Our genome comparison analysis showed that 5 of the 11 cell wall-anchored proteins identified in the S. epidermidis RP62a genome were conserved among S. epidermidis, S. capitis, and S. caprae (Fig. 7 and Additional file 2 TableS2). Another two genes, sesF and sdrG, were identified only in some S. epidermidis and S. capitis strains but not in S. caprae. The sesF gene, encoding the accumulation-associated protein Aap, had been identified as an essential protein for biofilm accumulation on glass or polystyrene surfaces in certain S. epidermidis strains [56, 57]. The giant extracellular protein mediates biofilm formation and accumulation via fibronectin-binding and intercellular adhesion abilities [58, 59]. Four of the seven genome-sequenced S. epidermidis strains and one of the three S. capitis strains carried the aap gene on their chromosomes. In contrast, five of the seven genome-sequenced S. epidermidis strains carried the sdrG/fbe gene, while 1457 and 14.1.R1 lacked this gene. S. capitis CR01 also had the SdrG/Fbe-like protein with an amino acid identity of 38.4% between RP62a and CR01. SdrG, one of the three SD repeats-containing serine asparagine-rich (Sdr) proteins identified in S. epidermidis RP62a (also known as fibrinogen-binding protein [Fbe]), was suggested to promote device-related infection due to the observation of that an sdrG/fbe deletion mutant was attenuated in an intravascular catheter-associated rat infection model [60,61,62].

Genes shared by S. epidermidis and S. caprae but not by S. capitis

We found that S. epidermidis shared 64 genes with S. caprae strains (Fig. 5). Every sequenced S. epidermidis and S. caprae strain carried serine V8 protease GluSE, also known as Esp/SspA (SE1543) [63,64,65]. When S. epidermidis and S. aureus co-exist in an organism, Esp produced by commensal S. epidermidis strains inhibits S. aureus biofilm formation and subsequently its colonization in the anterior nares [66]. The esp gene was not found in the three sequenced S. capitis strains.

All sequenced S. epidermidis and S. caprae strains also carried the arginine synthesis pathway genes argJBCD. l-Arginine is required for the growth of most Staphylococcus species, including S. aureus, S. epidermidis, and S. capitis [67]. The presence of argJBCD genes in S. epidermidis and S. caprae is consistent with a previous study where the mutants not requiring l-arginine were generated by in vitro selection from S. epidermidis strains but not from S. capitis strains [67]. This implies that S. epidermidis strains might have the arginine biosynthesis enzymes, but the enzymes were not expressed in the wild-type strains [67].

Genes carried by S. epidermidis but not by S. capitis and S. caprae

Each of the seven S. epidermidis strains tested carried 380–789 strain-specific genes. The conserved gene analysis identified 141 genes that were conserved in all S. epidermidis strains but not in S. capitis or S. caprae. Most of these S. epidermidis-specific genes encode virulence factors that have been known to mediate biofilm formation or be involved in the central metabolic pathways.
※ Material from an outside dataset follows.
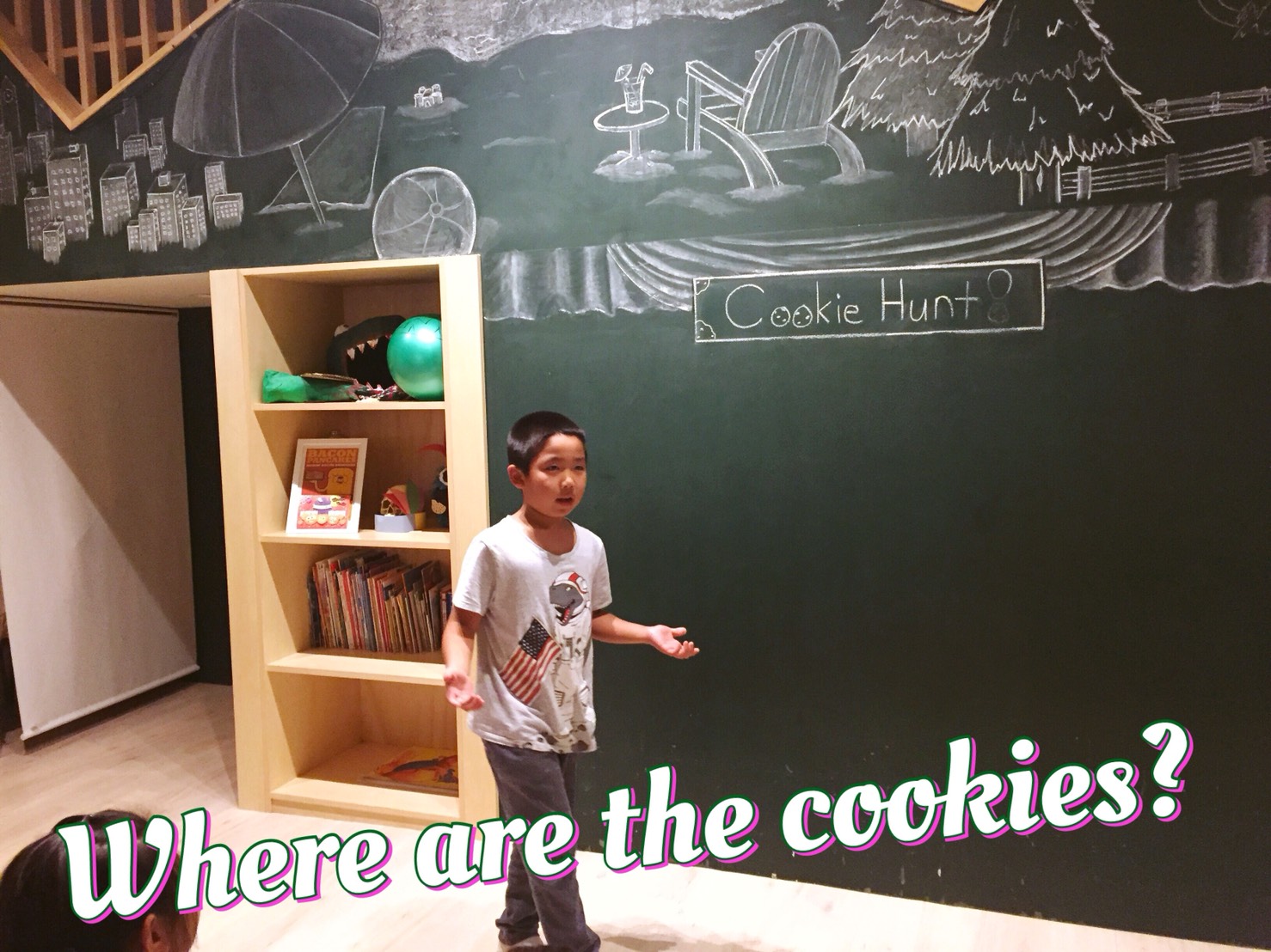 (クッキーはどこかな?きっとテーブルの上だな・・・いや、ちがう)

The cell wall-anchored protein SdrF was identified only in four of seven S. epidermidis strains. The full-length sdrF gene, which encodes a type I collagen-binding protein, was identified in SEI, 1457, and BH0622 genomes. Nevertheless, truncated sdrF genes were found in S. epidermidis RP62a, PM221, and 14.1R1. S. capitis AYP1020 also carries the truncated SdrF homologue with 73.3% amino acid identity, but the S. capitis sdrF gene was fragmented by a frameshift mutation.
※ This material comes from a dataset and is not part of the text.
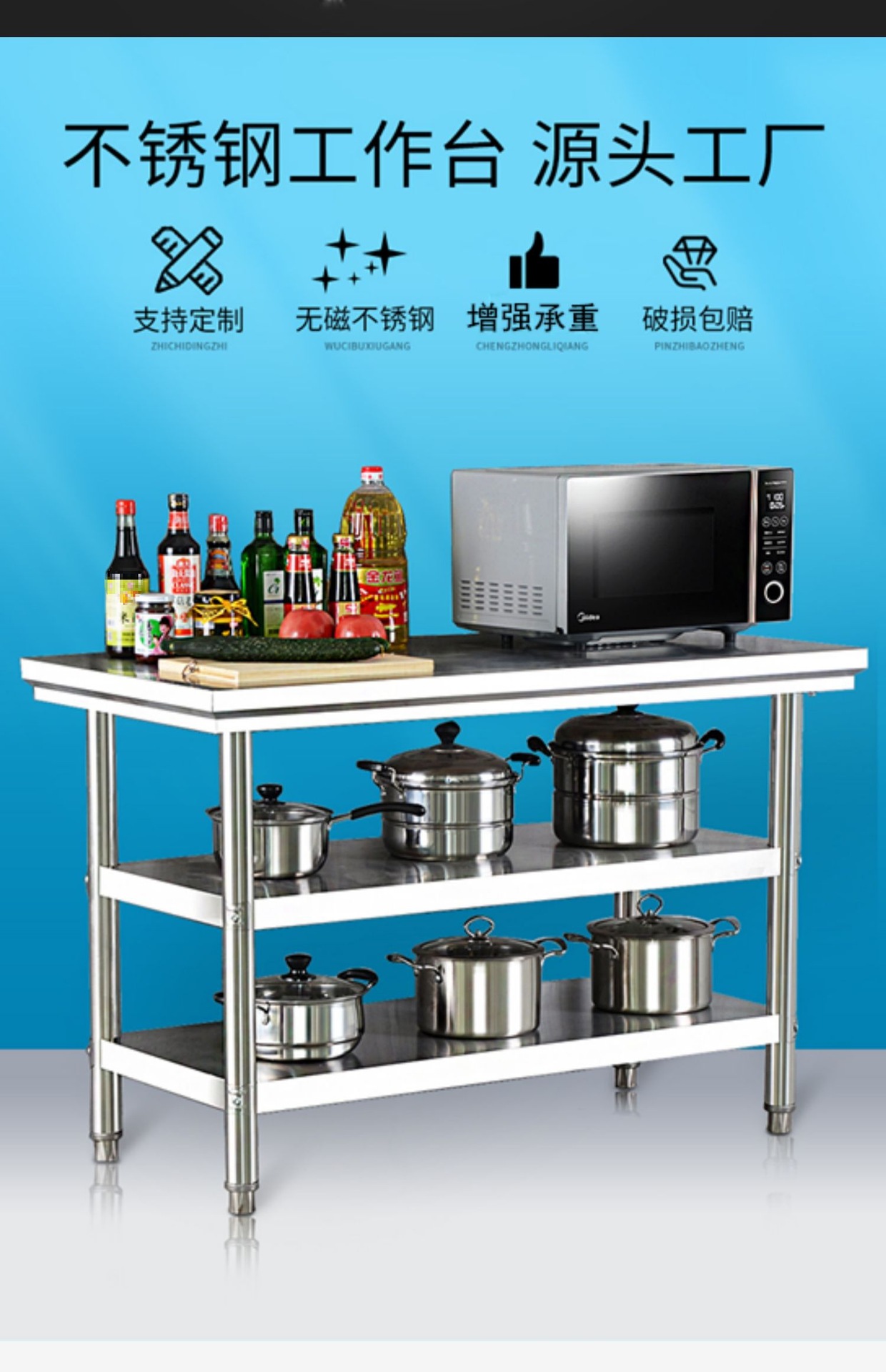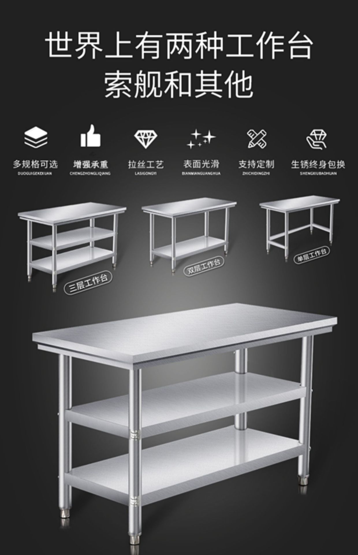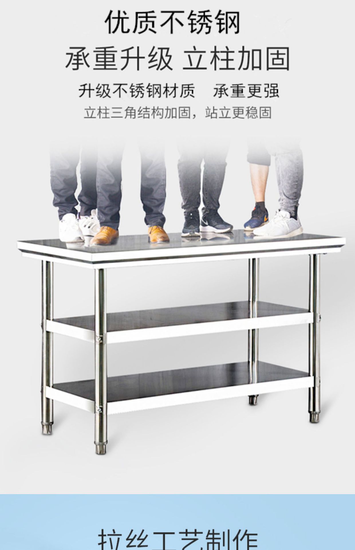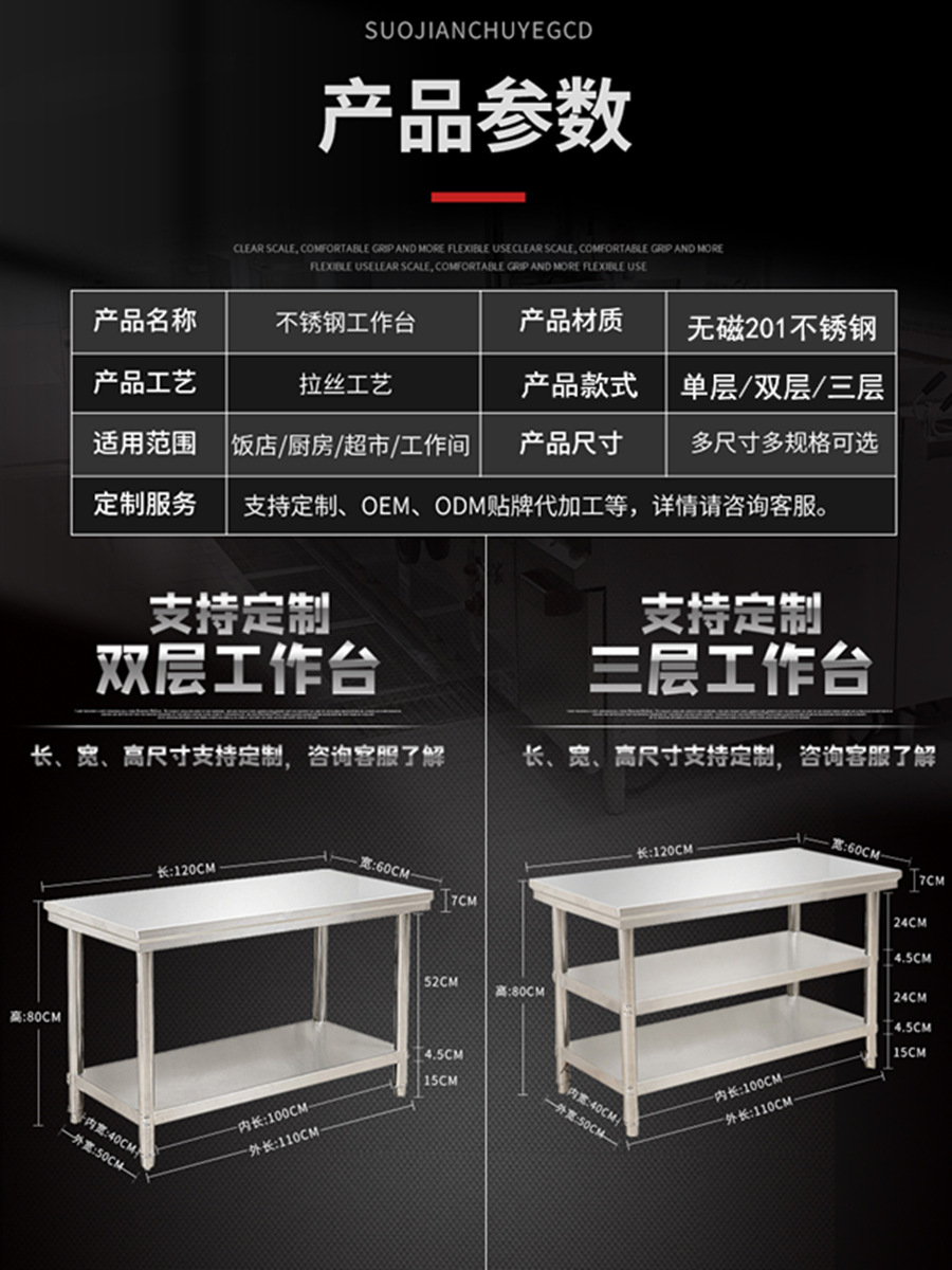 H Stainless Steel Workbench Kitchen Household Commercial Table Rectangular Operation Table Cutting Table Table Top Case

The genome comparison revealed that S. epidermidis has a specific central metabolism pathway that does not exist in the genomes of S. capitis and S. caprae. S. epidermidis possesses the glycerol dehydrogenase gene gldA, which mediates glycerol metabolism. A previous study showed that S. epidermidis could ferment glycerol into succinate, and the resulting succinate could in turn inhibit the growth of another skin colonizer P. acnes in vitro and in vivo [68]. Moreover, S. epidermidis strains, but not S. capitis and S. caprae strains, carried fumarate reductase-mediating succinate fermentation and accumulation [69]. S. epidermidis also carried biosynthesis genes for biotin, which is a cofactor of acetyl-CoA carboxylase involved in fatty acid metabolism.

Genes carried by S. capitis but not by S. epidermidis and S. caprae

Each of the three S. capitis strains tested carried 199–357 strain-specific genes, in which 59 were identified by our analysis to be S. capitis specific. Many species of Gram-positive bacteria, including staphylococci, produce lantibiotics and small cationic antimicrobial peptides to provide antimicrobial activities in facilitating niche compensation [70]. Some CoNS strains produce unique lantibiotics such as epidermin (from S. epidermidis) and gallidermin (from S. Gallinarum) [71,72,73]. Kumar et al. reported an identification of an S. capitis strain TE8 that carried both epidermin and gallidermin gene loci [17]. In our analysis, all three S. capitis strains tested carried lantibiotics genes on their chromosomes, but they were similar to that of S. aureus RF122 with an amino acid identity of 47% [74].

All three S. capitis strains and S. epidermidis RP62A, PM221, and 14.1.R1 carried serine-rich adhesin for platelet (SraP) homologues. SraP homologues have been widely identified among staphylococci including S. aureus and S. gordonii [75]. SraP mediates bacterial binding to platelets, whereby the binding is considered the key step during infective endocarditis [75, 76].

Genes carried by S. caprae but not by S. epidermidis and S. capitis

Our genome analysis identified a total of 265 genes that were carried by S. caprae but not by any of S. epidermidis and S. capitis strains, of which 163–197 were carried by five individual strains of S. caprae tested. Among those, biofilm-associated protein (Bap), capsular polysaccharide, and type VII secretion factor recognized as virulence factors were included. Bap is known to mediate bacterial attachment to polystyrene and biofilm formation in S. aureus and some CoNS [77, 78].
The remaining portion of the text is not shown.